In the coming weeks, SentinelOne will debut its security assistant called “Purple AI.” This directly competes with CrowdStrike’s “Charlotte AI” tool. Interest is “strong” with beta testing clients all loving the product. This pulls from the Singularity platform and data lake to automate manual and tedious pieces of a security analyst’s day-to-day. It saves them many hours and greatly enhances an analyst’s personal capabilities. This is yet another reason why the data lake is so important. Purple AI ranks vulnerabilities, offers the best course for remediation and “unleashes clients to operate at unprecedented performance and speed.” It unlocks greater data ingestion scale to better season these new models and applications. A demo last quarter led to one of its largest new client wins ever.
Risks:
The main risk tied to SentinelOne is extrapolating recent margin trends and assuming they continue while the growth engine hums. While it’s now much cheaper than CrowdStrike, this is still an expensive name. It still needs to execute flawlessly at the current multiple. The path to profit must be followed by continued rapid margin expansion and 30%+ revenue compounding. Those would be nearly impossible goals to realize for pretty much any other company. They’re not for SentinelOne.
Strengthen Go-to-Market:
Go-to-market is where SentinelOne has the most catching up to CrowdStrike to do. It’s excellent when it comes to working with managed security service providers (MSSPs), which is a large part of its smaller-client popularity. With the big boys, I’d love to see it work more closely with AWS, Google Cloud and even more System Integrators (like CrowdStrike has) to aid in winning more Global 2000 brands. It hired Michael Cremen as its new chief revenue officer a year ago to revamp the go-to-market and align sales incentives to support platform adoption.
It has also recently reorganized its product suites into Enterprise and Commercial bundles to motivate platform-wide adoption more quickly. These bundles combine large portions of SentinelOne’s product suite including its managed detection and response (MDR) threat team. The releases have already “accelerated conversion timelines and led to larger initial deal sizes.”
Accounting Drama:
In fiscal year Q1 2024, SentinelOne reported a damaging accounting blunder.
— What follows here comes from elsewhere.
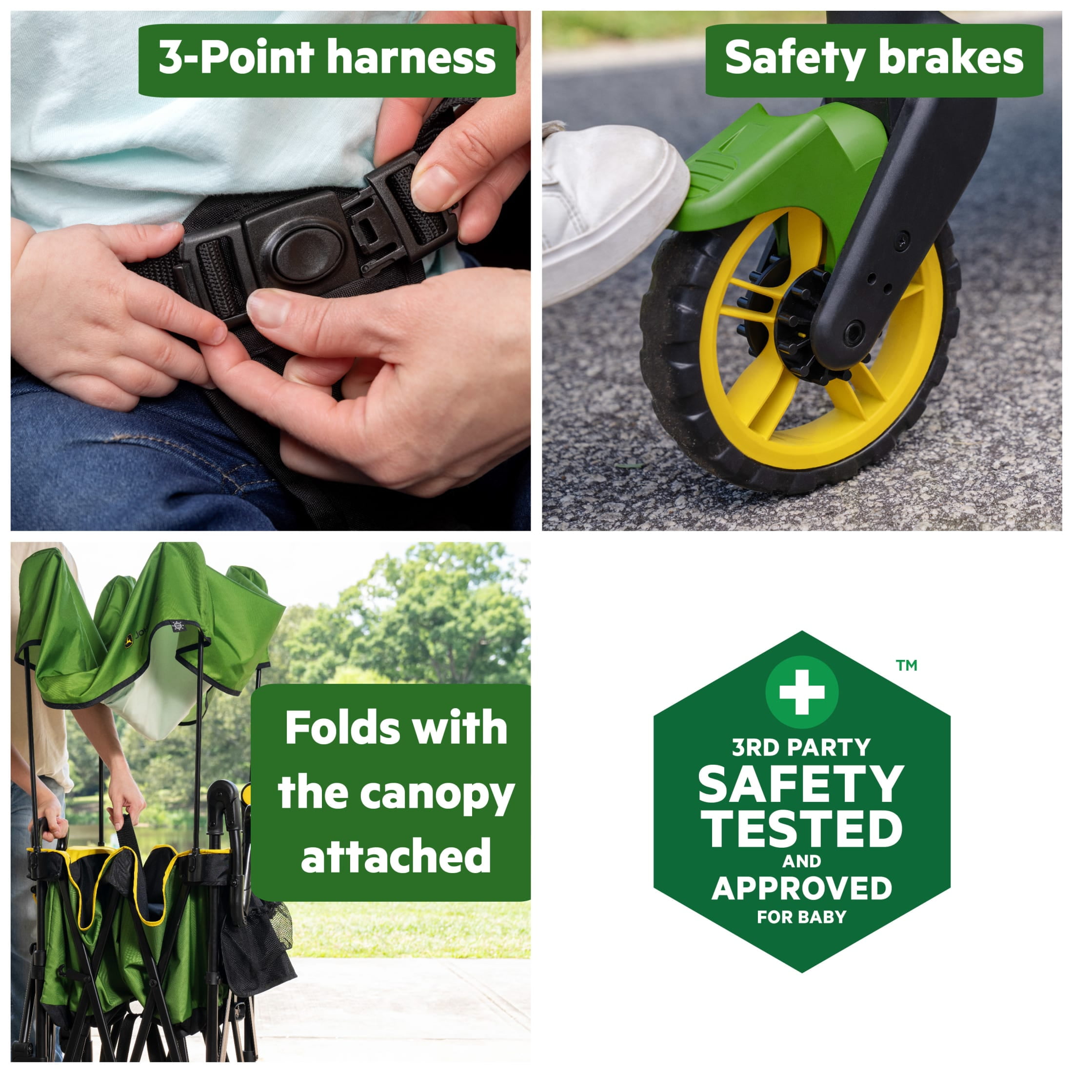 Weighing less than 25 pounds, the compact Bright Starts John Deere Stroller Wagon is easy to fold and unfold; perfect for your family’s everyday adventures 3-point safety harnesses for each seat keep your little farmers safe and secure; fits two children comfortably from ages 6 months and up to 50 pounds each Collapsible canopy helps protect your little one’s delicate skin with UPF 50+ sun protection Make the choice to push or pull with the height adjustable handles; four-wheel suspension and cushioned seat pad provide your little passengers with a smooth ride Enjoy many of the features of a premium wagon such as easy maneuverability, a rear storage pocket, and a parent cup holder in one lightweight model; John Deere theme

It misclassified some usage-and-consumption-based revenue as ARR. This is a big fat no-no as those sources of revenue are inherently more volatile, lumpy and lack visibility. It has since strengthened internal accounting controls, added another big 4 auditor and has had no repeat mistakes since then. Accounting errors, to me, keep this company on a shorter leash than it typically would have. I likely will not tolerate a repeat mistake and will not stick around if it surfaces.